Secondly, the reconstructed results of the Drosophila samples were slightly better than those of the Arabidopsis silique. For example, at 3 projections, the Drosophila sample had a PSNR greater than 18, and an FSIM greater than 0.85. When the projection number was greater than 2, the NRMSE values of the Drosophila were lower than those of the Arabidopsis silique. However, to achieve such values, a minimum of 4 projections were required for the Arabidopsis silique sample, and the results fluctuated. This may be due to the somewhat simple morphology and distribution of the Drosophila samples. The results in this section showed that our proposed TSDLN had good migration ability in OPT imaging.

The proposed framework was further evaluated to determine how much it relied on a priori knowledge of what medical samples typically look like. We conducted a simulation of the reconstruction of an unnatural digital phantom (Figure S5). The results showed that when the projection number was reduced from 180 to 10, the structure of the phantom could be well resolved. However, when the projection number was fewer than 10, the reconstructed images became blurred.

Discussion

Image reconstruction based on few-view projection data will be of great significance for in vivo PT of living organisms. To this end, a TSDLN-based framework was developed for reconstructing parallel-beam PT images. Combining R-net and C-net in two steps, the TSDLN-based framework performed well in few-view projections-based reconstruction. The TSDLN was trained using down-sampled data from a public dataset. We then verified the accuracy of the TSDLN-based framework with test data extracted from the public dataset. Results showed that the TSDLN-based framework could obtain a much higher accuracy with few projections than FBP, iterative algorithms, and the cascade U-Net of U2E4C2K32. Then, we demonstrated the advantages of and necessity for a 2-stage network for few-view projection reconstruction by decomposing the network structure. Finally, we demonstrated the good migration capabilities of the proposed TSDLN-based framework in few-view projection reconstruction using previously acquired OPT data as the experimental dataset. The overall experimental results showed that by using the proposed TSDLN-based framework, we were able to reconstruct useful information about the investigated sample with few-view projections. These findings could potentially increase the applicability of PT for imaging living organisms. The TSDLN had 2 loss functions that separately constrained the network. The constraint was stronger than that of a single-layer network, and the reconstruction result was closer to the actual object. Furthermore, training the TSDLN was easier than training a single-stage network, which reduced computer performance requirements.

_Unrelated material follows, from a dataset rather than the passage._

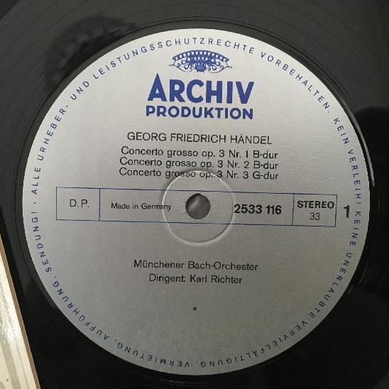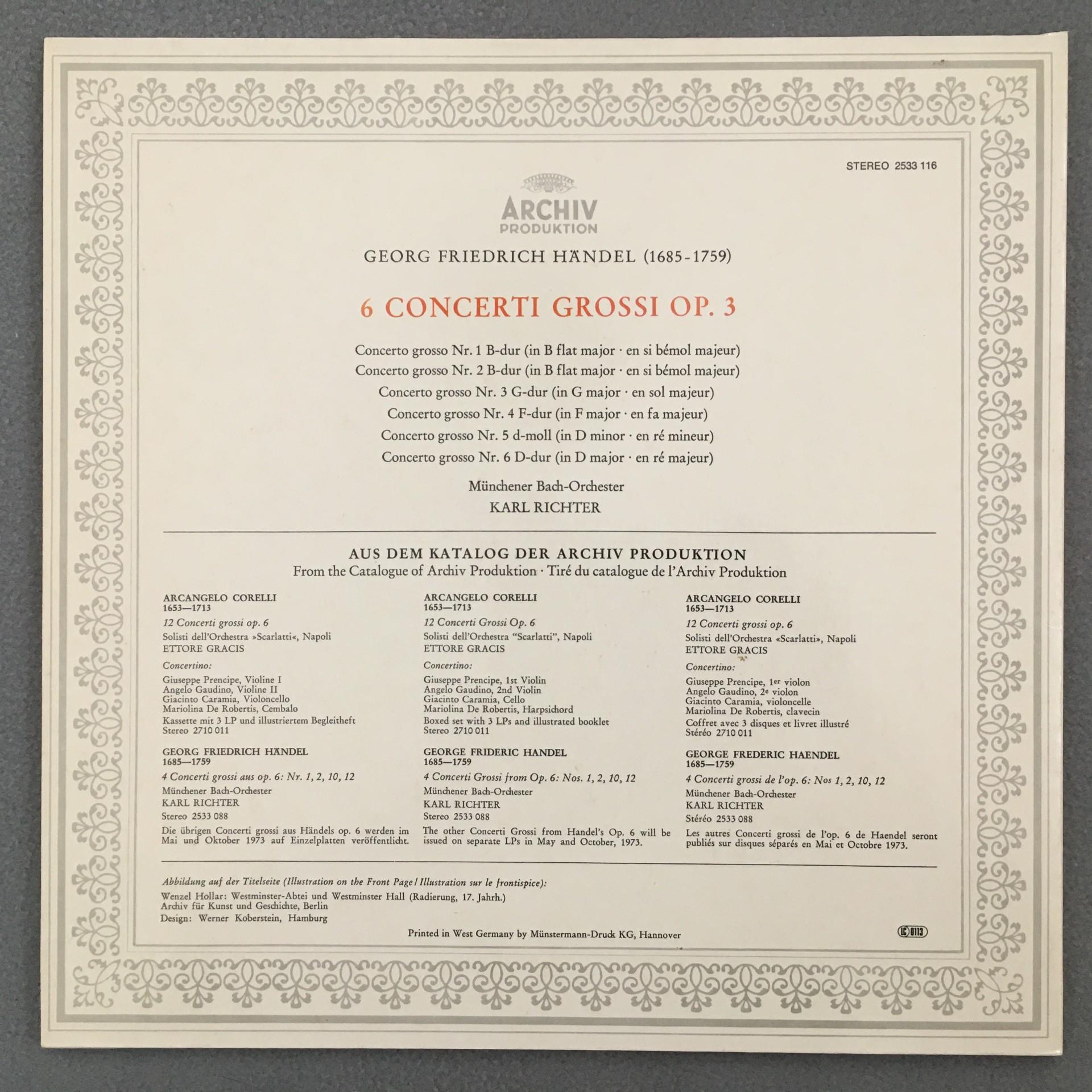 L490 Handel 6 Concerti Grossi Op.3 Richter DGG Archiv 2533 116 Stereo

Although some details were lost, especially when sparse-view projection images were used, the TSDLN-based framework still reconstructed high-quality images that were very close to the originals when the projection number was reduced to 6, with an FSIM larger than 0.827. This value was equivalent to that obtained in reconstruction using a traditional FBP algorithm and 90 projections (FSIM =0.814). The FSIM value for the proposed TSDLN-based framework was 0.848 when the projection number was reduced to 15, which was comparable to that obtained by the SART-PVDM algorithm at 90 projections (FSIM =0.842). In this case, reconstructions using a small number of projections had a high morphological similarity to the original images, which also showed that the loss of information was relatively small. However, exactly how many angles are needed to ensure that no useful information is lost depends on the details of the region of interest. We also need to consider a combination of quantitative evaluation metrics for the reconstructed image and the amount of information lost. If just the contour information of the reconstructed sample is required, 2 projections are sufficient. If detailed inner information is required, the number of projections depends on the detail to be observed. There may be cases where a reconstruction framework with a small number of projections is simply not appropriate. We further analyzed the difference images by selecting the region of interest and calculating the number of lost pixels in the reconstructed image (Figure S2A). The results showed that the values became larger as the number of projections decreased, which is consistent with and complementary to the quantitative analysis indices. Such information loss, which may impact clinical pathological analysis, could be due to 2 possible reasons. First, the training data we used to train the TSDLN had a low resolution (128×128), which impacted the image details. Secondly, the TSDLN framework was too large, which resulted in gradient disappearance and loss of detailed information. These issues can be improved in follow-up studies in two ways. First, we can increase the number of dimensions of the training dataset and add high-resolution images into it. Secondly, we can employ a super-resolution network in the second stage of the TSDLN framework and perform super-resolution operations on the images reconstructed from the first-stage network to obtain images with sharp detail resolution.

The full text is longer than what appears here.